Weakly-Supervised Reinforcement Learning for Controllable Behavior

Authors: Lisa Lee, Ben Eysenbach, Russ R. Salakhutdinov, Shixiang (Shane) Gu, Chelsea Finn

NeurIPS 2020 | Conference PDF | Archive PDF | Plain Text | LLM Run Details

Reproducibility Variable Result LLM Response
Research Type Experimental On a variety of challenging, vision-based continuous control problems, our approach leads to substantial performance gains, particularly as the complexity of the environment grows.
Researcher Affiliation Collaboration 1Carnegie Mellon University 2Google Brain 3Stanford University
Pseudocode Yes Algorithm 1 Weakly-Supervised Control
Open Source Code No The paper does not contain an explicit statement or a direct link indicating that the source code for the methodology described in this paper is publicly available.
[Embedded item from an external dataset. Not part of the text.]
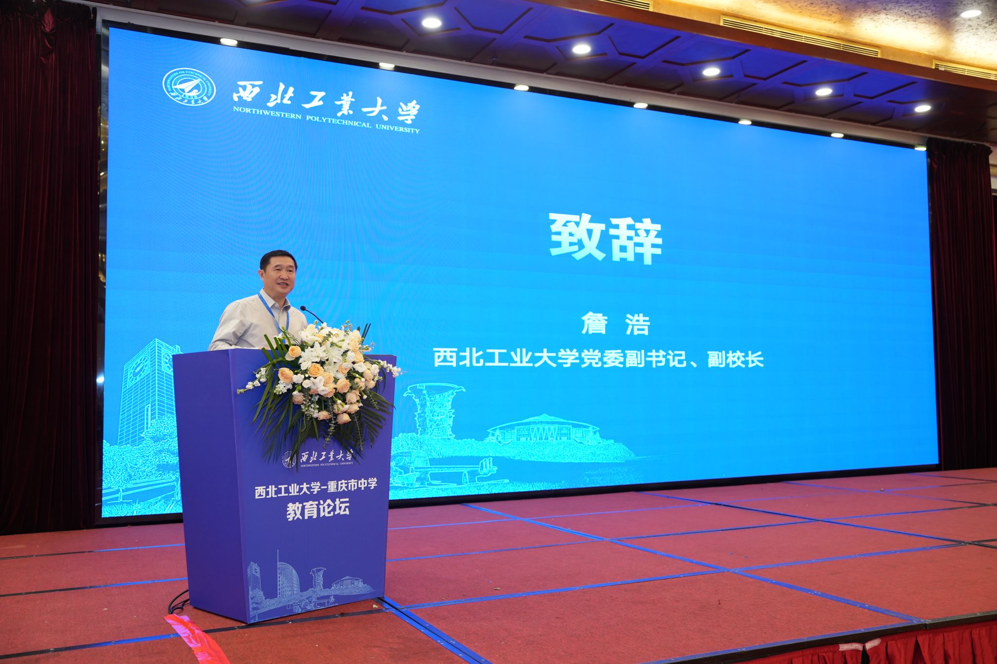詹浩代表学校对参加论坛的老师们表示热烈欢迎。他表示,希望借助此次论坛,进一步交流和探讨大学教育与中学教育紧密衔接的有效机制,共同推动拔尖创新人才培养,更好地实现为党育人,为国育才的神圣使命。

While it references a dataset with a GitHub link, this is not the paper's own implementation code.
Open Datasets No The paper states: 'To generate the Sawyer datasets shown in Fig. 2, we corrected the sampled factor combinations to be physically feasible before generating the corresponding image observations in the Mujoco simulator.' and 'Both the training and test datasets were generated from the same distribution, and each set consists of 256 or 512 images (see Table 6).' However, it does not provide concrete access information (link, DOI, or citation for public availability) for these generated datasets.
Dataset Splits No The paper states, 'Both the training and test datasets were generated from the same distribution, and each set consists of 256 or 512 images (see Table 6).' While it mentions training and test datasets, it does not specify any validation splits, percentages, or absolute counts for training/validation/test partitions.
Hardware Specification No The paper does not provide specific hardware details such as GPU/CPU models, processor types, or memory amounts used for running its experiments. It only mentions the use of the Mujoco simulator for generating datasets, which is software, not hardware.
Software Dependencies No The paper mentions software like 'Mujoco simulator', 'OpenAI Gym', and 'ManiSkill', but it does not provide specific version numbers for any of these components or other key software dependencies required for replication.
Experiment Setup Yes We use Soft Actor-Critic (SAC) [33] with the default hyperparameters from the official SAC codebase, with the exception of the learning rate, which we set to 3e-4, and the reward scale, which we set to 0.1. We also use a larger latent dimension of 64 instead of 10 and 20 for our VAE models in the Sawyer environments. We train each agent for 2M environment steps.